3. Le chemin de conversion, que nous entreprenons aujourd'hui avec confiance, s'inscrit pleinement dans ce contexte originel d'amour et de gratuité. L'aumône et les gestes de charité, que nous sommes invités à accomplir de façon particulière en cette période pénitentielle, ne constituent-ils pas une réponse à la gratuité de la grâce divine? Si nous avons reçu gratuitement, nous devons donner gratuitement (cf. Mt Mt 10,8). La société actuelle a un profond besoin de redécouvrir la valeur de la gratuité, en particulier parce que dans notre monde semble souvent triompher une logique fondée exclusivement sur la recherche du profit et du gain à tout prix. Face à la sensation diffuse que chaque choix et chaque geste sont dominés par la logique d'une économie de marché et que triomphe la loi du plus grand profit possible, la foi chrétienne repropose l'idéal de la gratuité, fondé sur la liberté consciente des personnes, animées par un amour authentique. Nous confions ces quarante jours d'intense prière et de pénitence à la Vierge Marie, la "Mère du bel Amour". Que ce soit Elle qui nous accompagne et qui nous guide pour célébrer dignement le grand mystère de la Pâque du Christ, révélation suprême de l'amour gratuit et miséricordieux du Père céleste. Bon Carême à tous!

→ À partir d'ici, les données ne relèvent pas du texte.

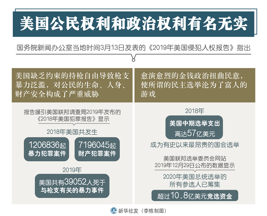 新華社北京3月13日電(記者王子銘、賈釗)國(guó)務(wù)院新聞辦公室13日發(fā)表的《2019年美國(guó)侵犯人權(quán)報(bào)告》指出,美國(guó)缺乏約束的持槍自由導(dǎo)致槍支暴力泛濫,對(duì)公民的生命、人身、財(cái)產(chǎn)安全構(gòu)成了嚴(yán)重威脅;愈演愈烈的金錢政治扭曲民意,使所謂的民主選舉淪為了富人的游戲。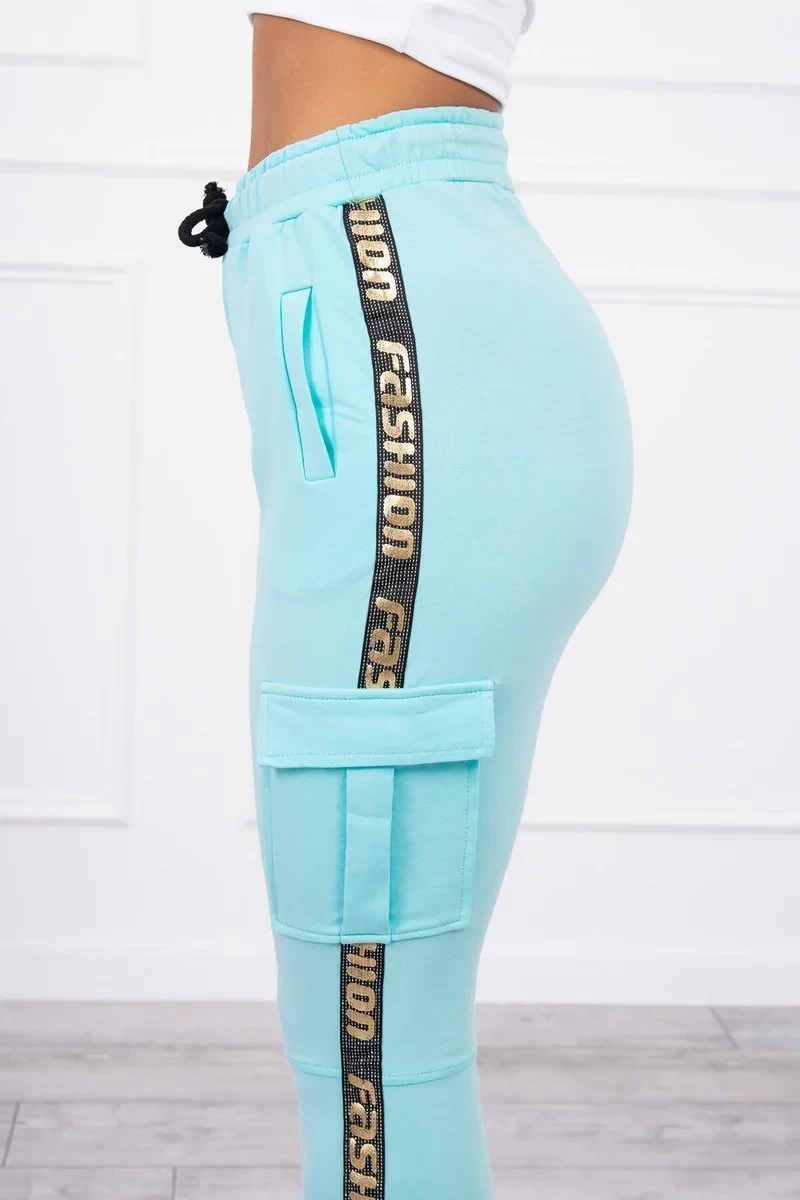 Představujeme vám pohodlné kalhoty. Bojové kalhoty. Na bocích nohavic našité lemování s nápisem Fashion. Kalhoty jsou vyrobeny z vysoce kvalitního materiálu. Velikost je univerzální a vyhovuje dámám ve velikostech XS, S a M.

                                    * * *


Parmi les pèlerins qui assistaient à l'Audience générale du 13 février 2002, se trouvaient les groupes suivants, auxquels le Saint-Père s'est adressé en français:

De France: Pèlerinage des catéchistes du diocèse de Luçon, guidés par l'Evêque, Mgr Michel Santier; groupe de jeunes du Calvados de l'Association "Culture et Partage", de Caen; groupe d'Orange; Collège "Victor de Laprade", de Montbrison; Collège "Saint-Exupéry", de Montbrison; aumônerie des collèges et lycées du Centre d'Orléans; Aumônerie de Montpellier et de Marseille.

De Suisse: Groupe de l'"Ecole de la Foi", de Fribourg.

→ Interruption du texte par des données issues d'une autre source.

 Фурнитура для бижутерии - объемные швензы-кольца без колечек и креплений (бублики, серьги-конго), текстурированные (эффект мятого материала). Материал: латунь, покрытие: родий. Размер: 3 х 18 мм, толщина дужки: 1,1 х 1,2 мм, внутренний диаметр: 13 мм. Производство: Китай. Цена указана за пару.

De Belgique: Groupe de pèlerins.

L’audience d’aujourd’hui est particulièrement marquée par un esprit de prière, de réflexion et de pénitence. Par le signe austère de l’imposition des cendres et l’exhortation du Christ : «Convertissez-vous et croyez à l’Evangile!», nous commençons, avec toute l’Eglise, un chemin de quarante jours pour nous préparer à Pâques.

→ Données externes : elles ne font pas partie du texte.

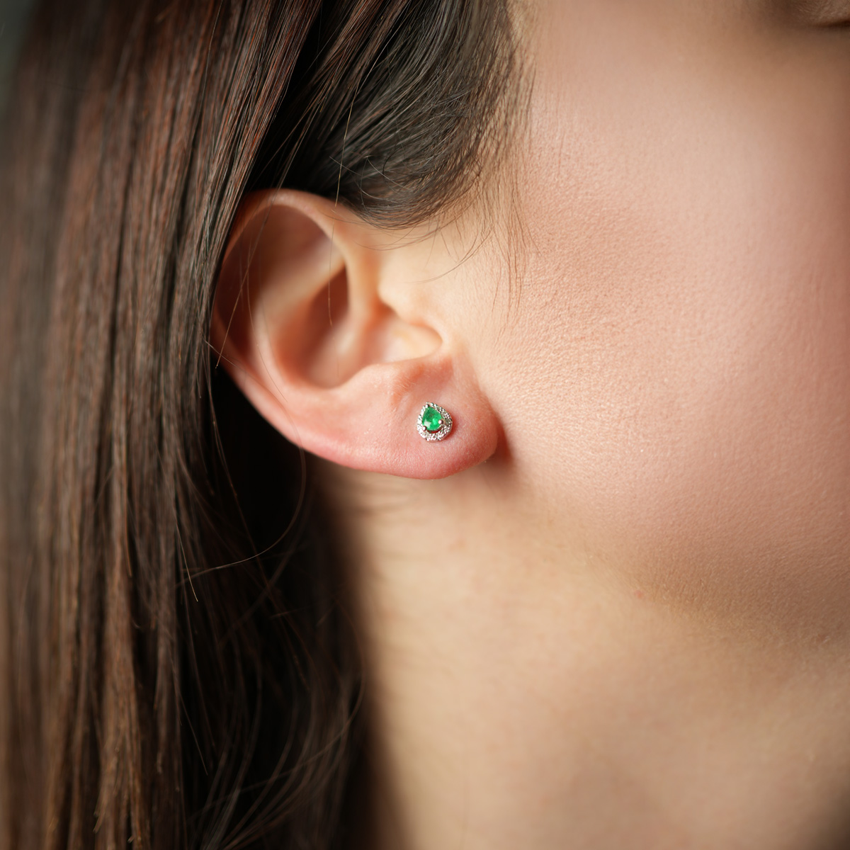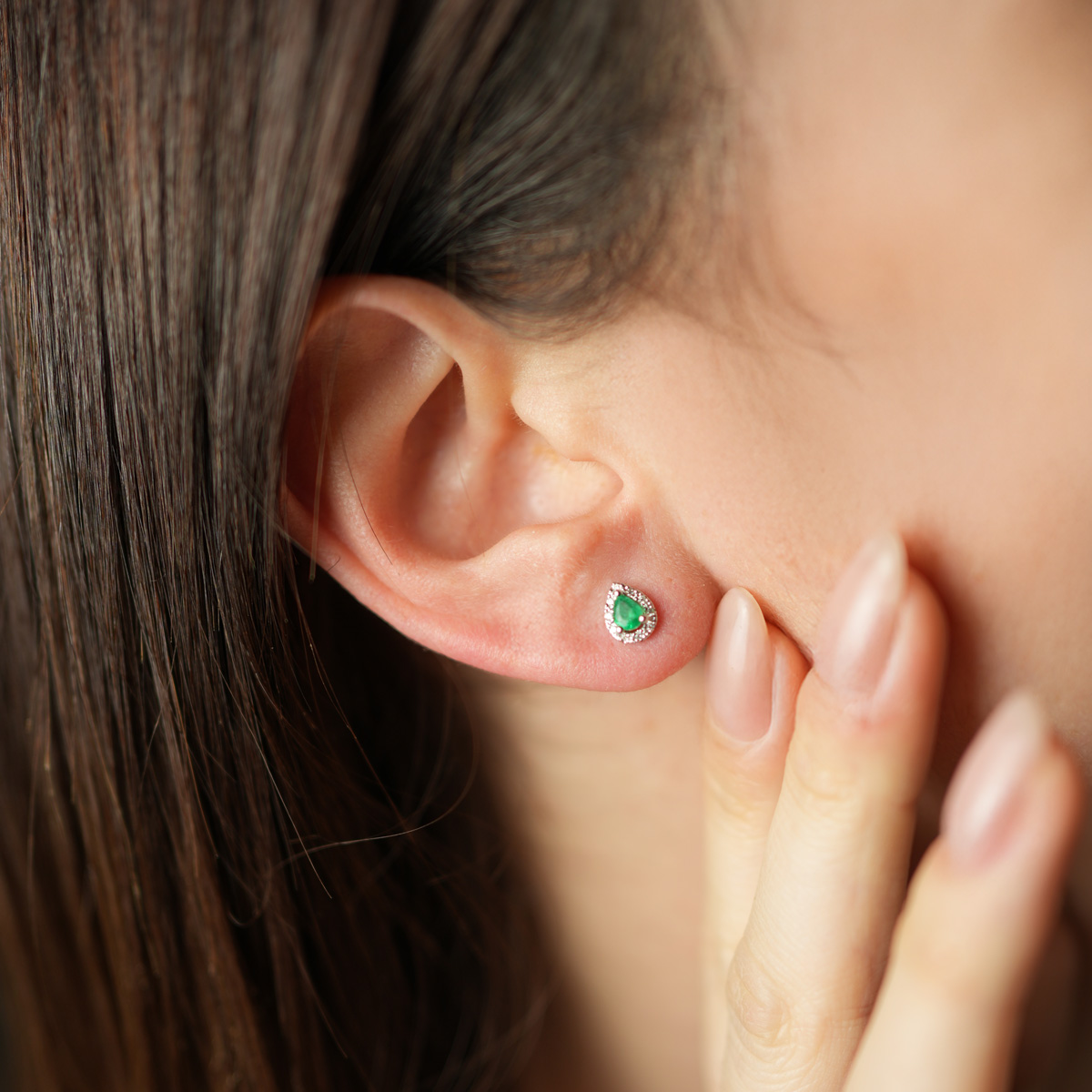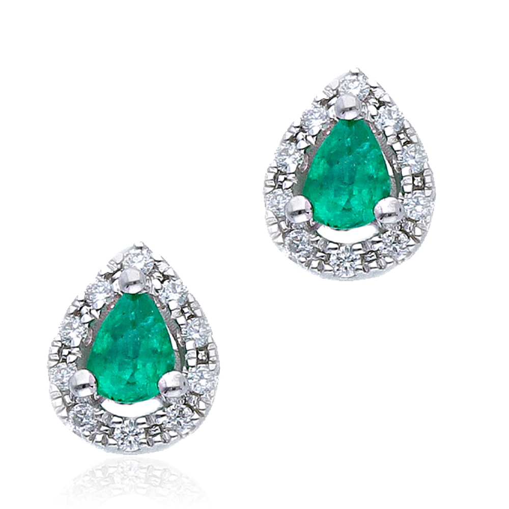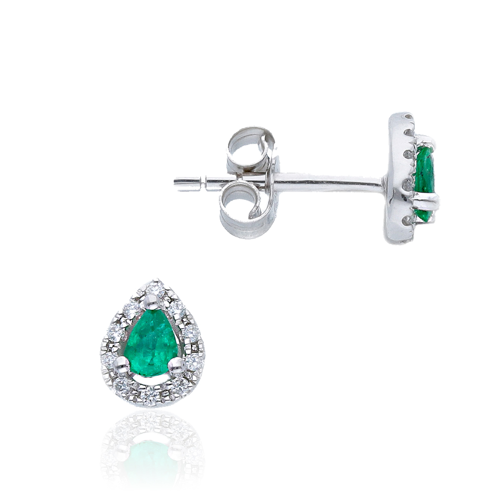 Orecchini in oro bianco 18K con smeraldi taglio goccia (0,26 ct) e contorno di diamanti taglio brillante (0,08 ct - G/H - SI)

Comme je l’ai rappelé dans le Message de Carême, ce temps est «une occasion providentielle de conversion» qui nous aide à contempler l’étonnant mystère d’amour qui fait dire à Jésus : «Vous avez reçu gratuitement, donnez gratuitement». Le chemin du Carême révèle ainsi sa réalité la plus profonde : il constitue «un retour aux sources de la foi car, en méditant sur le don de grâce incommensurable qu’est la Rédemption, nous ne pouvons pas ne pas réaliser que tout nous est donné par l’initiative de l’amour de Dieu». Bon Carême à tous !


Je salue avec joie tous les pèlerins de langue française, en particulier les catéchistes du diocèse de Luçon et leur évêque, Mgr Michel Santier, les jeunes du groupe «Culture et Partage» de Caen, et le groupe de l’Ecole de la Foi de Fribourg. A tous, je donne volontiers la Bénédiction apostolique.